YOUR ASSIGNMENT:
A precise copy of the data is required, with every picture left out.

DATA LISTING:
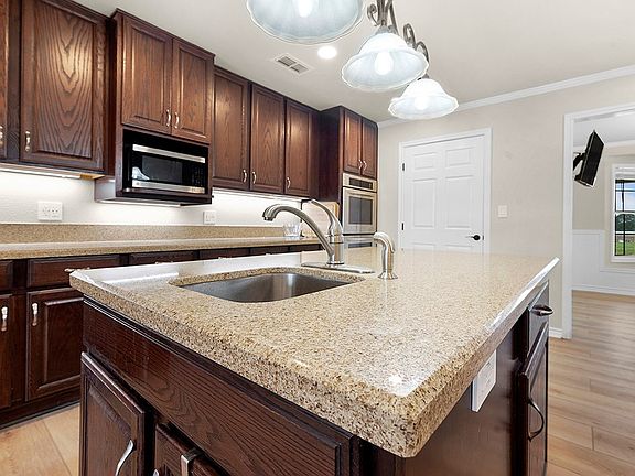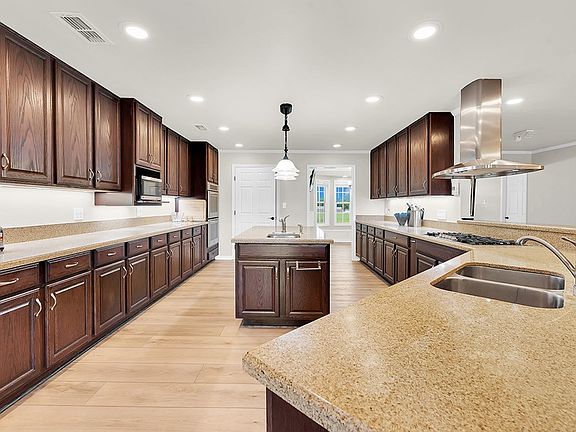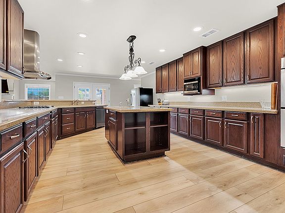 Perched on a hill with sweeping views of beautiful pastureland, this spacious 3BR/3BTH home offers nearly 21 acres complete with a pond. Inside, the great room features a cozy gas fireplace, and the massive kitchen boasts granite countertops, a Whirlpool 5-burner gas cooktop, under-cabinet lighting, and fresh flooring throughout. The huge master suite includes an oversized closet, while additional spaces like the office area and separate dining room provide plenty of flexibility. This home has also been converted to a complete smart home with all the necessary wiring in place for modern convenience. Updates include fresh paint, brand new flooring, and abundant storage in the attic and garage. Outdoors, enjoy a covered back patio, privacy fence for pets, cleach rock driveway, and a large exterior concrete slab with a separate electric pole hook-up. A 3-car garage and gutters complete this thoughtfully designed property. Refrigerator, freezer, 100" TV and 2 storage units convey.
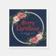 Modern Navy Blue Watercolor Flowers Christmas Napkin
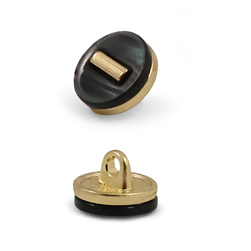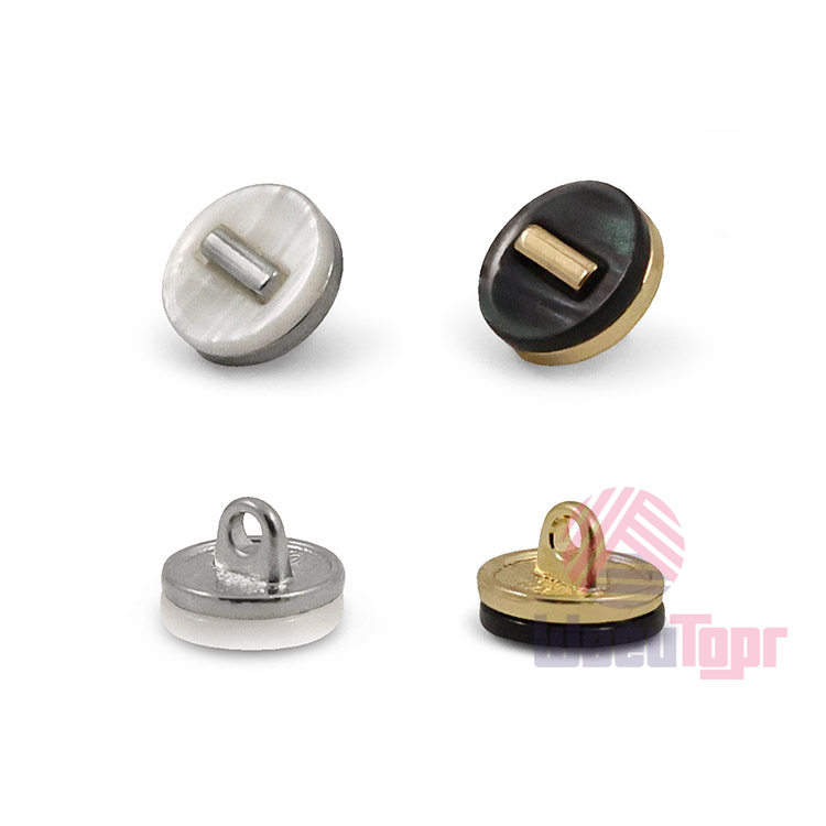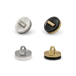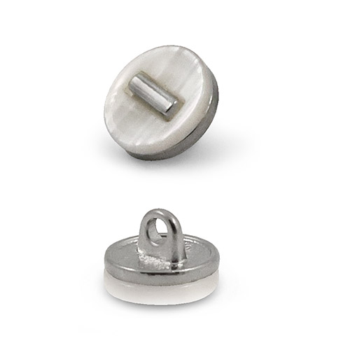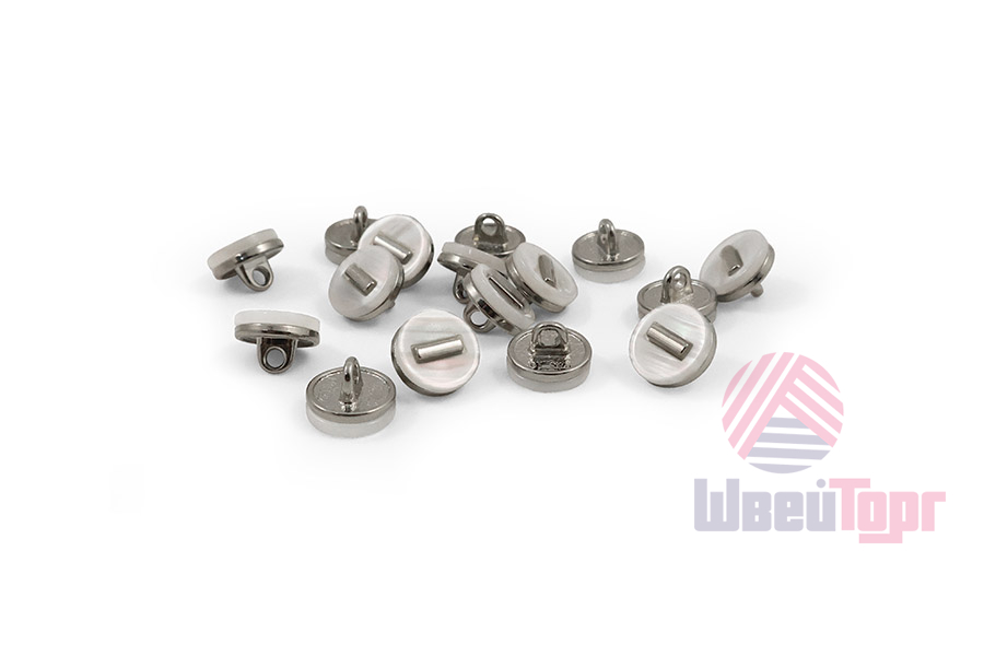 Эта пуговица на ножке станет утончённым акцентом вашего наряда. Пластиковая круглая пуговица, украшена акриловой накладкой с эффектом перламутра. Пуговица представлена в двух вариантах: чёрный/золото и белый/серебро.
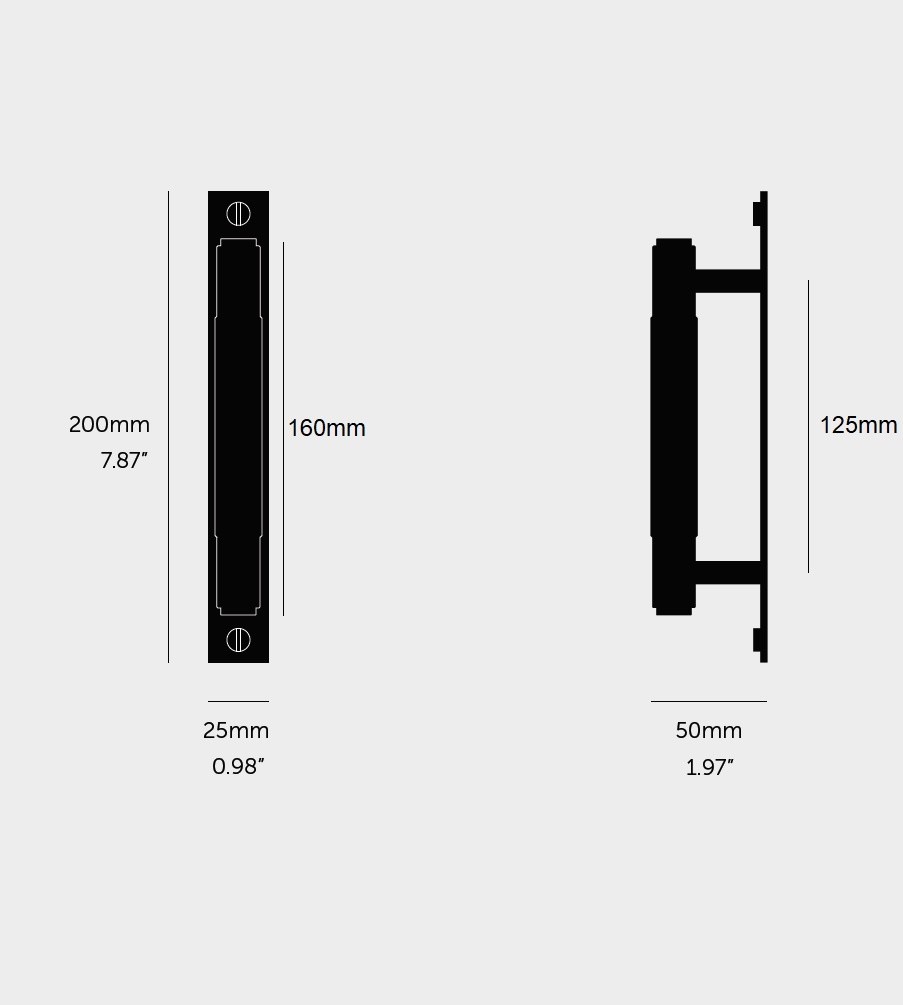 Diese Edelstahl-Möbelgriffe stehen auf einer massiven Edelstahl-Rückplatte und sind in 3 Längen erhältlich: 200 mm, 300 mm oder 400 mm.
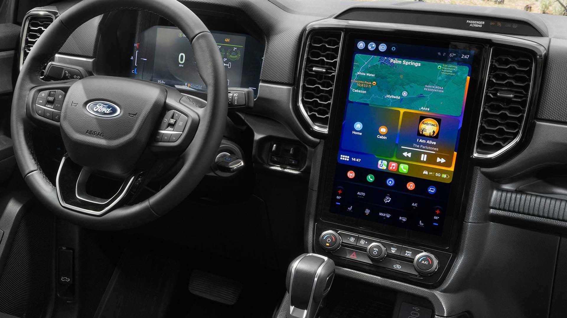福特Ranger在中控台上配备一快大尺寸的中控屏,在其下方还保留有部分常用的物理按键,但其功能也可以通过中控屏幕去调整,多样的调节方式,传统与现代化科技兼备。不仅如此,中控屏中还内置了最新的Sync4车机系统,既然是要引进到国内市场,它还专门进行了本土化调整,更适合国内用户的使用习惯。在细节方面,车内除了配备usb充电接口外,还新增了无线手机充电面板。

RESPONSE:
 Perched on a hill with sweeping views of beautiful pastureland, this spacious 3BR/3BTH home offers nearly 21 acres complete with a pond. Inside, the great room features a cozy gas fireplace, and the massive kitchen boasts granite countertops, a Whirlpool 5-burner gas cooktop, under-cabinet lighting, and fresh flooring throughout. The huge master suite includes an oversized closet, while additional spaces like the office area and separate dining room provide plenty of flexibility. This home has also been converted to a complete smart home with all the necessary wiring in place for modern convenience. Updates include fresh paint, brand new flooring, and abundant storage in the attic and garage. Outdoors, enjoy a covered back patio, privacy fence for pets, cleach rock driveway, and a large exterior concrete slab with a separate electric pole hook-up. A 3-car garage and gutters complete this thoughtfully designed property. Refrigerator, freezer, 100" TV and 2 storage units convey.
 Modern Navy Blue Watercolor Flowers Christmas Napkin
 Эта пуговица на ножке станет утончённым акцентом вашего наряда. Пластиковая круглая пуговица, украшена акриловой накладкой с эффектом перламутра. Пуговица представлена в двух вариантах: чёрный/золото и белый/серебро.
 Diese Edelstahl-Möbelgriffe stehen auf einer massiven Edelstahl-Rückplatte und sind in 3 Längen erhältlich: 200 mm, 300 mm oder 400 mm.
福特Ranger在中控台上配备一快大尺寸的中控屏,在其下方还保留有部分常用的物理按键,但其功能也可以通过中控屏幕去调整,多样的调节方式,传统与现代化科技兼备。不仅如此,中控屏中还内置了最新的Sync4车机系统,既然是要引进到国内市场,它还专门进行了本土化调整,更适合国内用户的使用习惯。在细节方面,车内除了配备usb充电接口外,还新增了无线手机充电面板。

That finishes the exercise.